• What is being asked:
Below is a listing with pictures. Repeat exactly the lines starting at the one holding "This Polish Pottery" and going on through the one holding "解答:解:根据电流流向法,先", and leave every picture out.

• Given information:
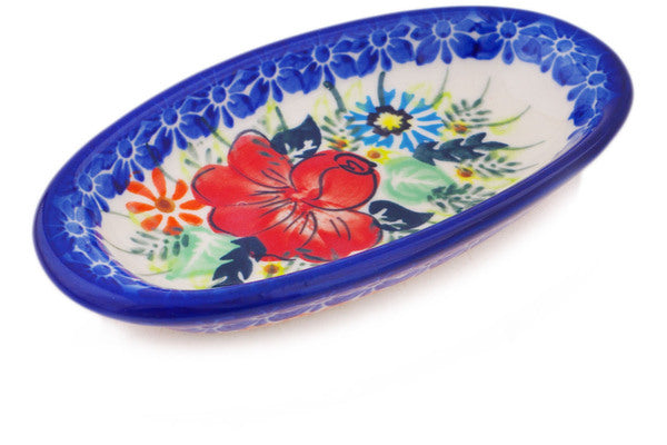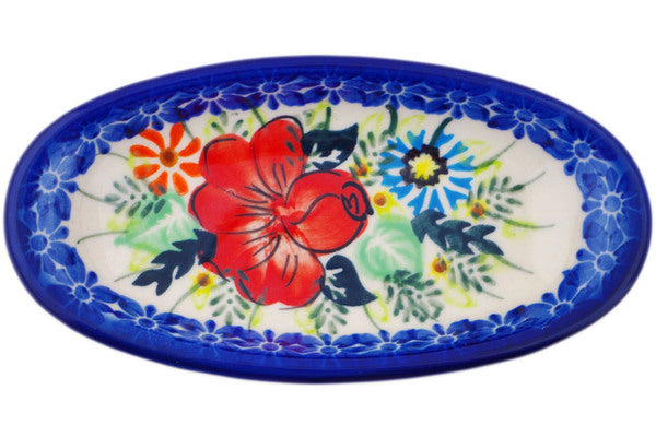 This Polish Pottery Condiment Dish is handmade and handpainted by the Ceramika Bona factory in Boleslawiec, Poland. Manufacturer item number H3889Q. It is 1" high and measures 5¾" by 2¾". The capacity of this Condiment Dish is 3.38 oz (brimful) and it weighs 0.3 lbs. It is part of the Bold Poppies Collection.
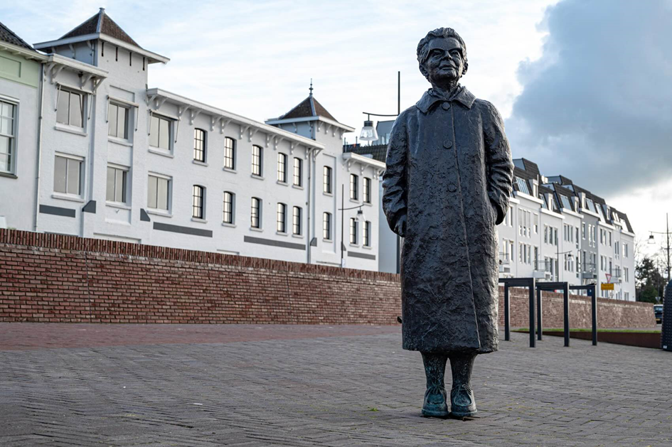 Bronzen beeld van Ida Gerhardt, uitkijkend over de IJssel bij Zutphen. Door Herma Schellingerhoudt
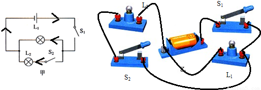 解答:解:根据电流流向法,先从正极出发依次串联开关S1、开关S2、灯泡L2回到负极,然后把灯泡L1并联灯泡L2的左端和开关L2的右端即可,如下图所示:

...

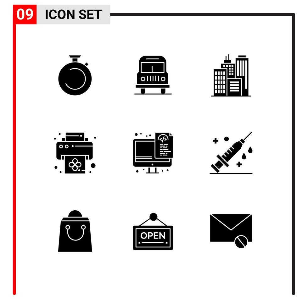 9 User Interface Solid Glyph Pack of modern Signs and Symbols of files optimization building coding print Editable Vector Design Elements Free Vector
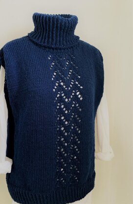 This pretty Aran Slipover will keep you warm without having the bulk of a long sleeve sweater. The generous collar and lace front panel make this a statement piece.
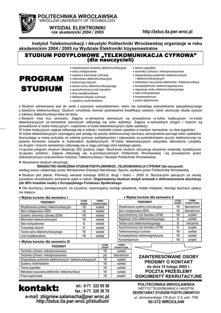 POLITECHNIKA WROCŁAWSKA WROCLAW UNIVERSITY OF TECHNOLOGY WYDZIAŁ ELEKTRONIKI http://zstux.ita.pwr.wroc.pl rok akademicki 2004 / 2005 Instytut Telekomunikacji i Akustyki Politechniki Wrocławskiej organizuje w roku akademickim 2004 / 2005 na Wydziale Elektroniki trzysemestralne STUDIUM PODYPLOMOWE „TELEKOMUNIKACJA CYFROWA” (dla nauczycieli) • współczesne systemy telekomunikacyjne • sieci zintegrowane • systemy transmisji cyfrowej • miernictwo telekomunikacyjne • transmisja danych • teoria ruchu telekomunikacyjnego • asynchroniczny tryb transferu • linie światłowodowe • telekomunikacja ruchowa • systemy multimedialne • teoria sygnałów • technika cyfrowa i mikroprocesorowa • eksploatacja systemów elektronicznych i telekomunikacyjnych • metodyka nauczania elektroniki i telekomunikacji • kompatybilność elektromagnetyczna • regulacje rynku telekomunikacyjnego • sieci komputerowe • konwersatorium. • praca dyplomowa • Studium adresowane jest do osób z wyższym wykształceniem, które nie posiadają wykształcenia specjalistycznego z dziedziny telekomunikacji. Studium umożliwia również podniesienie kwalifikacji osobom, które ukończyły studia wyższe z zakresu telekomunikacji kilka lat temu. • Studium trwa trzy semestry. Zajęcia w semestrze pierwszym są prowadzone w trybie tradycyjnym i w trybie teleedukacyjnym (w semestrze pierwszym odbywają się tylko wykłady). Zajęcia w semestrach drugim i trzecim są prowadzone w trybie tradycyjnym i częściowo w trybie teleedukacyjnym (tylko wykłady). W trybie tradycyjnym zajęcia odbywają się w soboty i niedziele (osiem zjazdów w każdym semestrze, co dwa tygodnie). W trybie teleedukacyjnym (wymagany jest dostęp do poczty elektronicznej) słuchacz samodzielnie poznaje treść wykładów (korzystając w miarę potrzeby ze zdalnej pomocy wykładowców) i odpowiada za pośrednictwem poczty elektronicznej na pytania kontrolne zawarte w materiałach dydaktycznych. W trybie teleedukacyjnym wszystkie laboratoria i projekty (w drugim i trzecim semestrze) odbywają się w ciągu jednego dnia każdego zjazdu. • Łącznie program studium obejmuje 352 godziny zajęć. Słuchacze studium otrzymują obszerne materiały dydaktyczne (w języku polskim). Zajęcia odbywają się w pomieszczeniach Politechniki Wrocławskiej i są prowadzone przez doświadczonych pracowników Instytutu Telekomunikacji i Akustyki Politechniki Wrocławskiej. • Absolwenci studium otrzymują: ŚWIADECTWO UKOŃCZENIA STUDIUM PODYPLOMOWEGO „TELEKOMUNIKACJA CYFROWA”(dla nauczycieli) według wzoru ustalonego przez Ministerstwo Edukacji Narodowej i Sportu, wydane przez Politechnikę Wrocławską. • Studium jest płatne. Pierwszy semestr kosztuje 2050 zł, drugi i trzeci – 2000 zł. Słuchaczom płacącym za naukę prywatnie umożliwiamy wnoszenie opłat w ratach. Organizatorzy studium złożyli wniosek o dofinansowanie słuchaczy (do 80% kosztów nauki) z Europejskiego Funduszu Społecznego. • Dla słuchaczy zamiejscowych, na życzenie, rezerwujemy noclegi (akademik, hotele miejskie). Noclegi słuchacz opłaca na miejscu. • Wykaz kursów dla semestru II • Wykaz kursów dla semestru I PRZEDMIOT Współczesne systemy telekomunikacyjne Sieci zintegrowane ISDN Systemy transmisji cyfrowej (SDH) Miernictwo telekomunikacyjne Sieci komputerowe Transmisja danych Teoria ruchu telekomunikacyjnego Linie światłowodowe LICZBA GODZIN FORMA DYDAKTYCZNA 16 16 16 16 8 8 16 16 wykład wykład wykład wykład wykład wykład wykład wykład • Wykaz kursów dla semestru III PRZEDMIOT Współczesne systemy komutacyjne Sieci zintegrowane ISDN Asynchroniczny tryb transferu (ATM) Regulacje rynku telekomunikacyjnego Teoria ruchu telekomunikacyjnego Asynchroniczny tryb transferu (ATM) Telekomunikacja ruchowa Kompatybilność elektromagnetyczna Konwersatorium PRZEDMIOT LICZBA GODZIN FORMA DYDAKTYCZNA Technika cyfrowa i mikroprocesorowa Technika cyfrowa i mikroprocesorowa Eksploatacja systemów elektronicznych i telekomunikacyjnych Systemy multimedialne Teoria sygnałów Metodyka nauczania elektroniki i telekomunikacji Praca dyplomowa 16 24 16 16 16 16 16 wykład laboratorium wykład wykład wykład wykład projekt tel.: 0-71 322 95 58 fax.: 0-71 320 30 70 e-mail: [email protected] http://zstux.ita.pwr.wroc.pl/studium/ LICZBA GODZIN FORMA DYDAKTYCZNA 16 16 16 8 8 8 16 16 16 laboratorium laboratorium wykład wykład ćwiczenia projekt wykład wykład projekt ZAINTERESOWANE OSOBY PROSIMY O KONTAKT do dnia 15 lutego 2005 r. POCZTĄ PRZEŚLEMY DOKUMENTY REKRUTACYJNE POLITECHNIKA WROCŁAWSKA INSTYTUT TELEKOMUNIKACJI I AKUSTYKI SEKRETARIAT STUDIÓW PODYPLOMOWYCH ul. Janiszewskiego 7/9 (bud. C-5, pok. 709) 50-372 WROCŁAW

---

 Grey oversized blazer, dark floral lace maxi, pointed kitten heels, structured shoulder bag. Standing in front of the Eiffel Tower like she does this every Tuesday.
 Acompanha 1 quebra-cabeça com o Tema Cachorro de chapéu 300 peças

• Output of the exercise:
 This Polish Pottery Condiment Dish is handmade and handpainted by the Ceramika Bona factory in Boleslawiec, Poland. Manufacturer item number H3889Q. It is 1" high and measures 5¾" by 2¾". The capacity of this Condiment Dish is 3.38 oz (brimful) and it weighs 0.3 lbs. It is part of the Bold Poppies Collection.
 Bronzen beeld van Ida Gerhardt, uitkijkend over de IJssel bij Zutphen. Door Herma Schellingerhoudt
 解答:解:根据电流流向法,先从正极出发依次串联开关S1、开关S2、灯泡L2回到负极,然后把灯泡L1并联灯泡L2的左端和开关L2的右端即可,如下图所示:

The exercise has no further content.